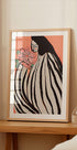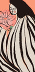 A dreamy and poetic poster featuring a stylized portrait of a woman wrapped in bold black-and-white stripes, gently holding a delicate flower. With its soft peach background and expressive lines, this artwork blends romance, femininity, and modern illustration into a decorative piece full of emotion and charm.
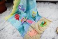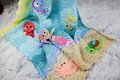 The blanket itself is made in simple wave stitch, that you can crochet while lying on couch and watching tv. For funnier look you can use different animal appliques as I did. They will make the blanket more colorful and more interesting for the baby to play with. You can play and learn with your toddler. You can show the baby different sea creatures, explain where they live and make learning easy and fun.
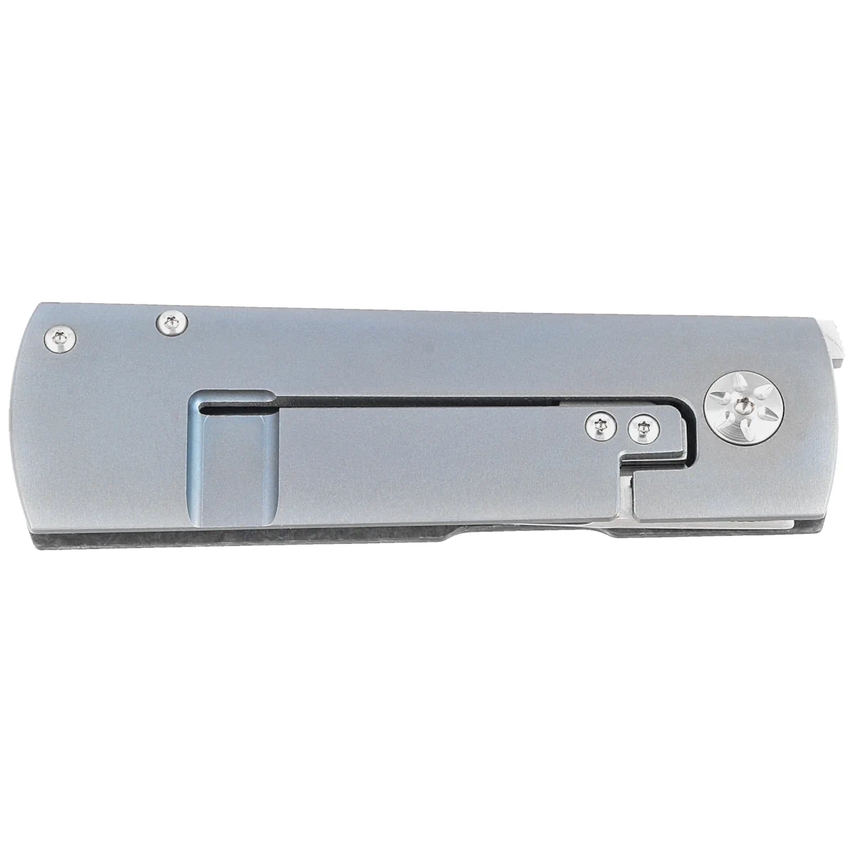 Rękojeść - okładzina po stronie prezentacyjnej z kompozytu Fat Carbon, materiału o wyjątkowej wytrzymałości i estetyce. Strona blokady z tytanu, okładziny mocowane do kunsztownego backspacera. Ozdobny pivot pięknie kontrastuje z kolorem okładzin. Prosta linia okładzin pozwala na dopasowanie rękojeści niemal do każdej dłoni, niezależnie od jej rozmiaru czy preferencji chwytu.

****************************************

### The task
Take the listing and print it again exactly, but without any pictures.

### Solution for this exercise
 A dreamy and poetic poster featuring a stylized portrait of a woman wrapped in bold black-and-white stripes, gently holding a delicate flower. With its soft peach background and expressive lines, this artwork blends romance, femininity, and modern illustration into a decorative piece full of emotion and charm.
 The blanket itself is made in simple wave stitch, that you can crochet while lying on couch and watching tv. For funnier look you can use different animal appliques as I did. They will make the blanket more colorful and more interesting for the baby to play with. You can play and learn with your toddler. You can show the baby different sea creatures, explain where they live and make learning easy and fun.
 Rękojeść - okładzina po stronie prezentacyjnej z kompozytu Fat Carbon, materiału o wyjątkowej wytrzymałości i estetyce. Strona blokady z tytanu, okładziny mocowane do kunsztownego backspacera. Ozdobny pivot pięknie kontrastuje z kolorem okładzin. Prosta linia okładzin pozwala na dopasowanie rękojeści niemal do każdej dłoni, niezależnie od jej rozmiaru czy preferencji chwytu.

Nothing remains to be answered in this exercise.